И я, по-еврейски, отвечаю ей вопросом на вопрос:

– А ты хочешь?

– Не знаю, – Дагмар пожимает плечами.– Я до приюта жила в цирке. Там было хорошо. Мой папа был воздушным гимнастом. Потом он разбился. И жена его брата фрау Эльза отдала меня в приют. Там было плохо.

Я не задаю больше вопросов. Я молчу.

И тогда задает вопрос она:

– Ты хочешь назвать меня Двосяй, что бы все думали, что я еврейка?

Я киваю. И замираю, в ожидании ответа. Она ощущает мое тревожное молчание и, смеясь, успокаивает:

– Nicht schlecht Namen. Gefaellt mir! All. Mehr Дagmar nicht. Ist Dvosya![2]


4


А еще мы говорили про дом с крыльцом. Двося никогда не имела дома ни с крыльцом, ни без. Ее домом был бродячий цирк и приют. Дом с крыльцом был у брата ее отца Отто. Про Отто она всегда говорила хорошо.

– Он добрый! Когда он приходил к нам в цирк и потом, когда навещал меня в приюте, всегда приносил мне домашнюю колбасу. Он сам ее делает. Она дымом пахнет, просто голова кружится… Я, наверное, этот запах никогда не забуду!

– Но он отдал тебя в приют,– замечаю я.

– Не он, а тетя Эльза, – возразила Двося.– Он мне сказал, что тетя Эльза сказала, что бы он сделал выбор: я или она?! И что ему было делать?

Двося вопросительно смотрит на меня, и сама себе отвечает:

– Конечно, выбрать Эльзу!
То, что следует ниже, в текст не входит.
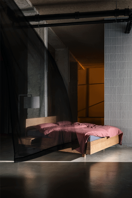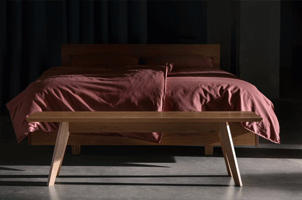 The purist design of the SIMPLE bed family puts the living material in the foreground. The lightness of the construction is enhanced by the floating frame.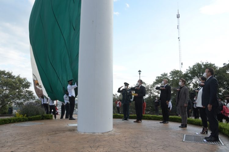 En aras de hacer partícipe a la sociedad en las fiestas patrias y actos cívicos en el mes de septiembre en Morelia y con apego a las normas de la nueva normalidad, el presidente municipal, Raúl Morón Orozco, encabezó el izamiento de la bandera monumental en la Plaza Héroes de la Independencia en compañía de autoridades de los tres niveles.
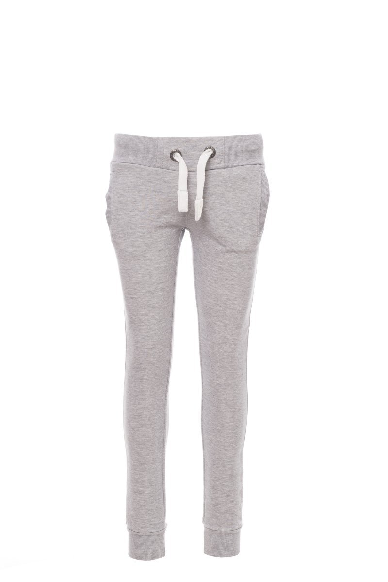 Women’s sweatpants with stretch rib at the waist and bottom of the legs, white drawstring with contrasting stitching and metal rings, two front pockets with rib and reinforced seams.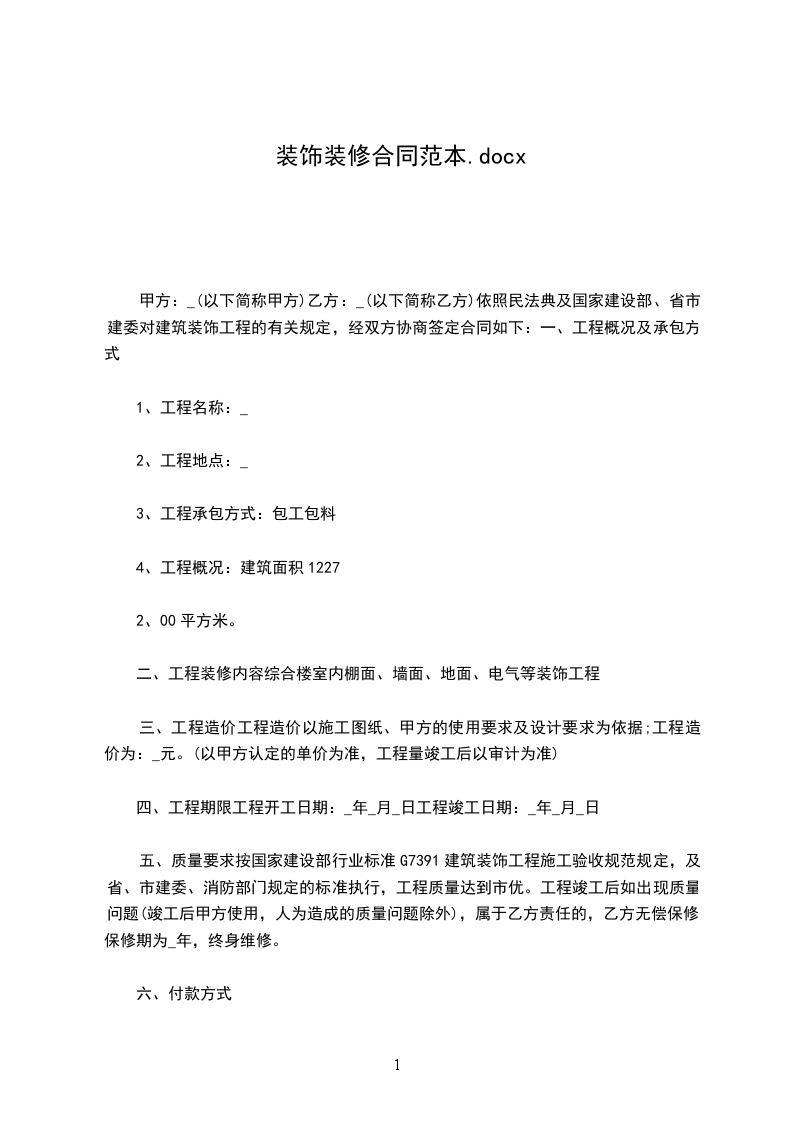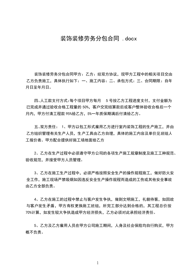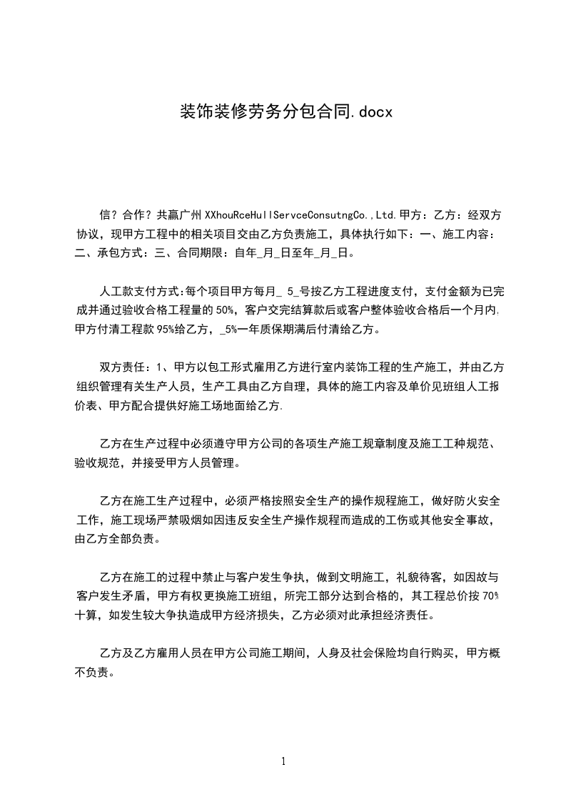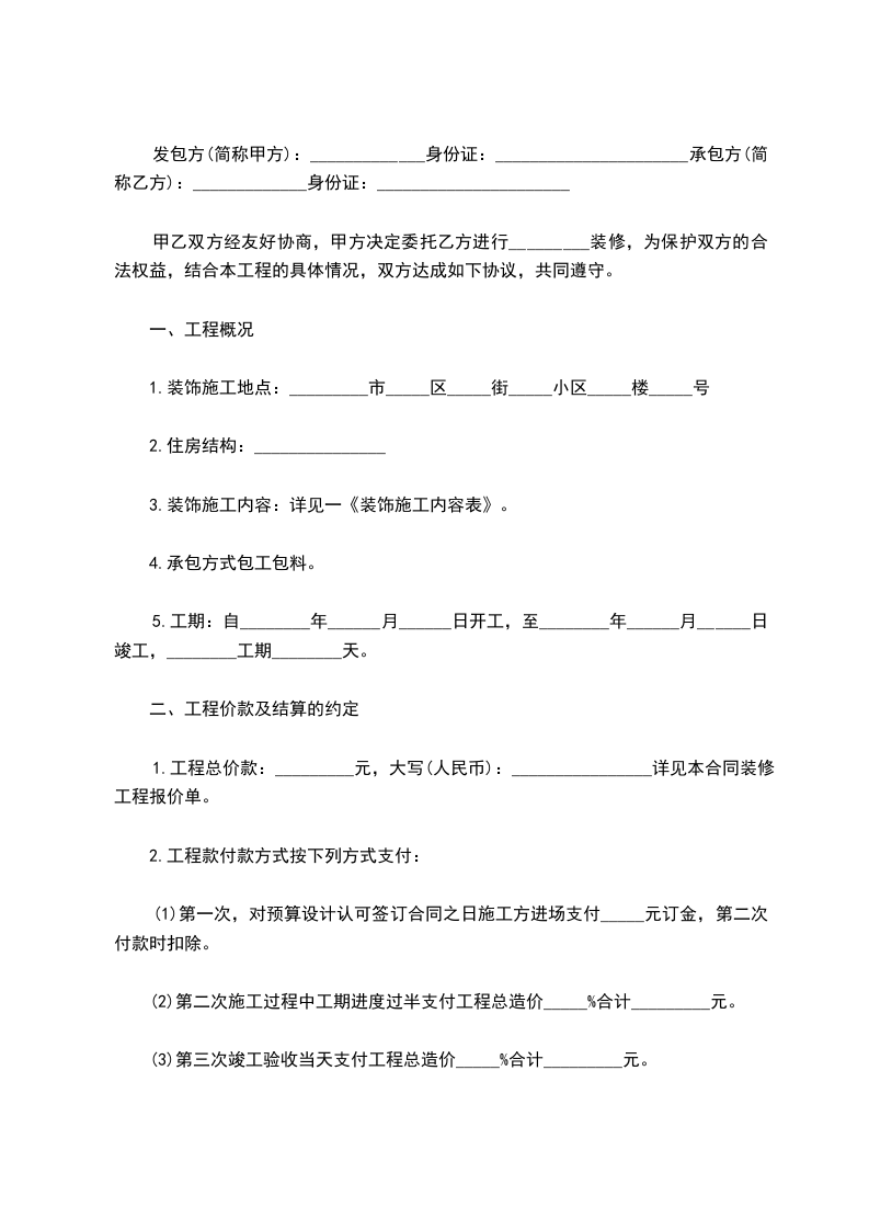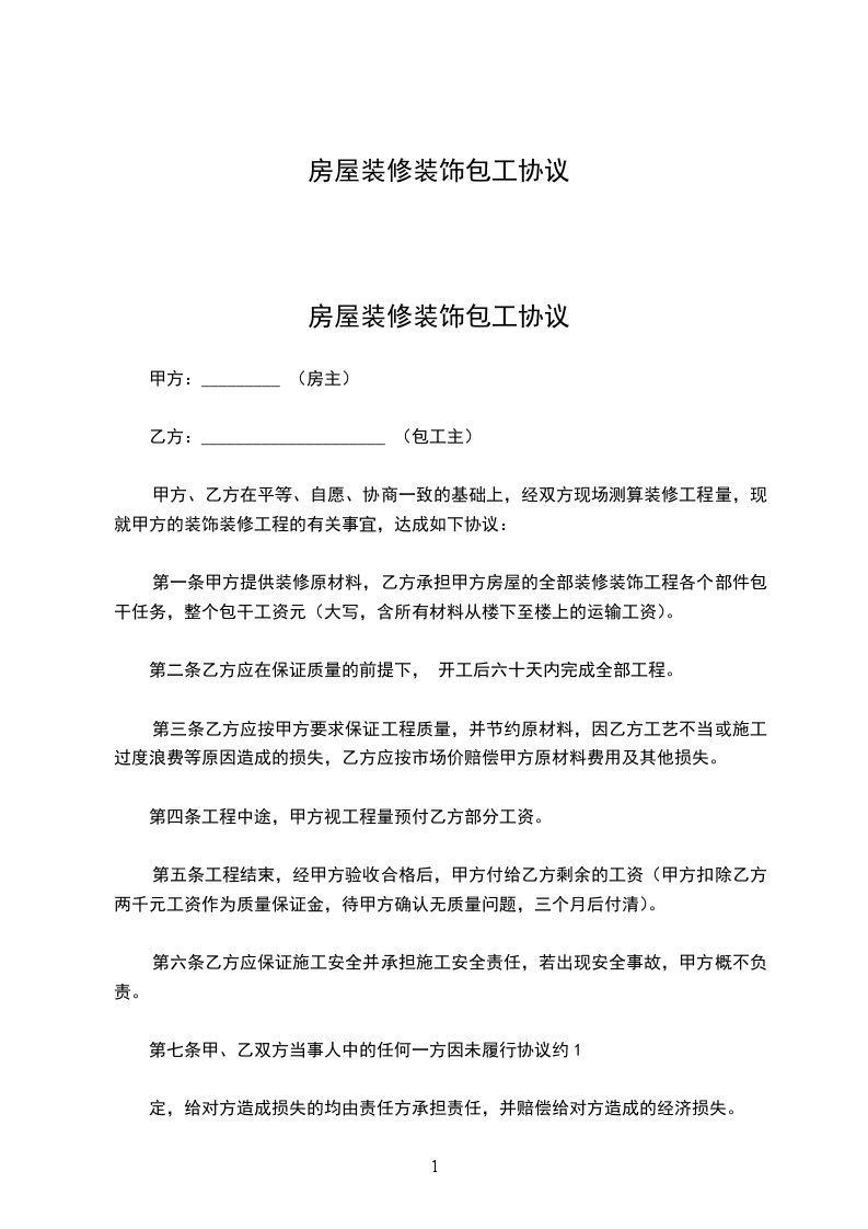 第一条甲方提供装修原材料,乙方承担甲方房屋的全部装修装饰工程各个部件包干任务,整个包干工资_元(大写_,含所有材料从楼下至楼上的运输工资)。

Жена главнее всех родственников! – потом заметив мой сомневающийся взгляд, добавила: – И муж главнее всех родственников! Так говорила моя мама. Она убежала из дома ради папы. Семья от нее отказалась. Она была бы баронессой, а стала циркачкой. У нее был дом с крыльцом и у них были свои лошади. Поэтому в цирке она стала вольтижером. Ты знаешь, что это такое?

– Не знаю, – говорю я. – Я вообще ничего не знаю про цирк! К нам в местечко цирк не приезжал.
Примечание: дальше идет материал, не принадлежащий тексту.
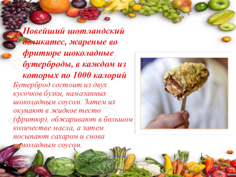 Бутерброд состоит из двух кусочков булки, намазанных шоколадным соусом. Затем их окунают в жидкое тесто (фритюр), обжаривают в большом количестве масла, а затем посыпают сахаром и снова шоколадным соусом.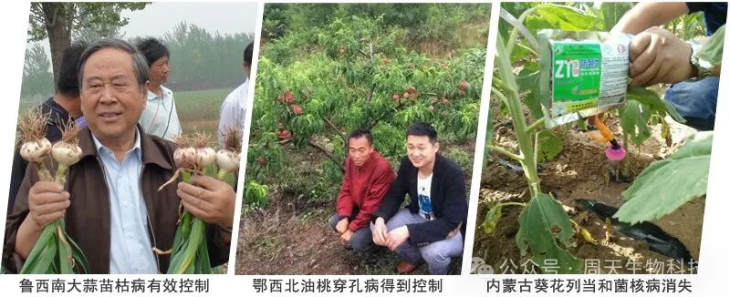 品牌是一种故事,是一种传奇。二十年来周天科技围绕生物技术与生态农业的发展,走遍了大江南北,攻克了一个又一个技术难题,为农业提质增效提供了一套又一套的科学实用技术方案,创造了鲁西南大蒜苗枯病有效控制产量翻番、鄂西北油桃穿孔病得到有效控制、内蒙古葵花列当和菌核病消失不见、新疆的好多棉优质增产、攀枝花芒果白粉病防效明显、山东的大樱桃无病高产、邯郸的夏播玉米产量翻番、多胎多羔肉羊养殖成本减半效益翻番等等一个又一个传奇故事,周天科技美名传。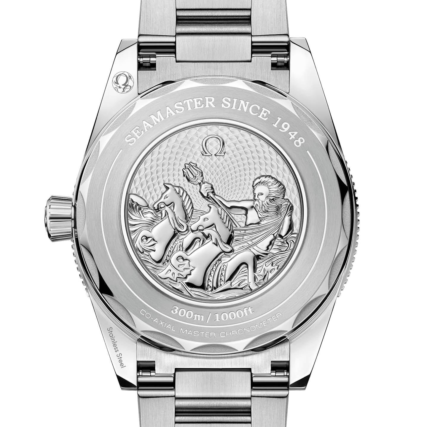 Turning the watch over reveals a stamped commemorative Seamaster logo depicting a trident-bearing Poseidon and two seahorses: OMEGA’s 1956 original and the brand’s current design. Behind which sits OMEGA’s Co-Axial Master Chronometer calibre 8912, certified at the industry’s highest level by the Swiss Federal Institute of Metrology (METAS).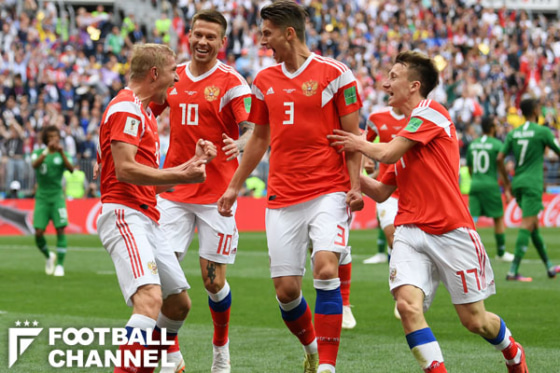 ロシアは最後までサウジアラビアにゴールを許さず。終了間際にはチェリシェフが技ありのアウトサイド弾でこの日2点目を決めて4-0。さらにゴロビンがFKを直接決めて5-0となり、開催国が勝ち点3を手にした。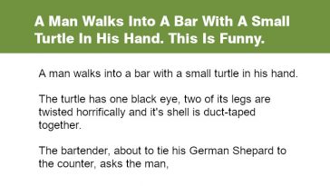 A Man Walks Into A Bar With A Small Turtle In His Hand.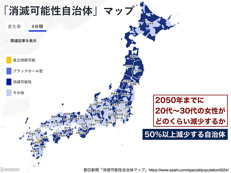 このデータは2020年と比較して、2050年までに20~39歳の女性人口がどれだけ減少するかを示した地図で、濃い青ほど減少幅が大きいことを表します。地図全体を覆う深いブルー(消滅可能性自治体)が、全国の多くの自治体で若い世代が著しく減少することを示唆しています。

– Вольтижер – это гимнаст на лошадях, – объяснила мне Двося. – Мама делала упражнения на скачущей лошади. Она погибла, когда я была совсем маленькой. Упала с лошади и та ударила ее копытом. Нечаянно. Так мне папа сказал, – Двося ладошкой вытирает появившеюся слезу и несколько минут молчит. А потом говорит: – Когда папы не стало, мы тогда выступали в Нюрнберге, хозяин цирка гер Шнитке сам меня отвез к папиному брату в Ганновер. Я просилась оставить меня в цирке, но он сказал, что дал слове папе, если что-нибудь с ним случится, отвести меня к дяде. Папа не хотел, что бы я стала циркачкой.

Вообще, мы никогда с Двосей не говорим о нашем прошлом, и узнаю я о нем, из вот таких нечаянных разговоров. Мы больше говорим с ней о будущем, таком же неясном, как и наше прошлое.


5


В плену Хаим работал на стройке, и, вернувшись в Краснополье, на удивление всем, сын ребе устроился плотником в строительную бригаду в только что созданном райпотребсоюзе. Бригада строила магазины по всему району, и Хаим неделями не был дома, перебираясь из одной деревни в другую. Двося устроилась учительницей немецкого языка в еврейскую школу, в которую революция преобразовала ешиву. Церковь и синагогу закрыли, но первое время не трогали ни батюшку, ни раввина, и те продолжали службу у себя дома. Неделями, оставаясь без Хаима, Двося чувствовала себя неловко в доме его родителей. Относились они, конечно, к ней хорошо, но особой близости не было. Все было, как когда-то в приюте с подружками по комнате:

и вместе вроде бы жили, а мыслями были далеко. Двося, как-то назвала реб Аврума татэ, как называл его Хаим, но ребесн ее поправила:

– Называй реб Аврумам рэбэм. Так его все зовут.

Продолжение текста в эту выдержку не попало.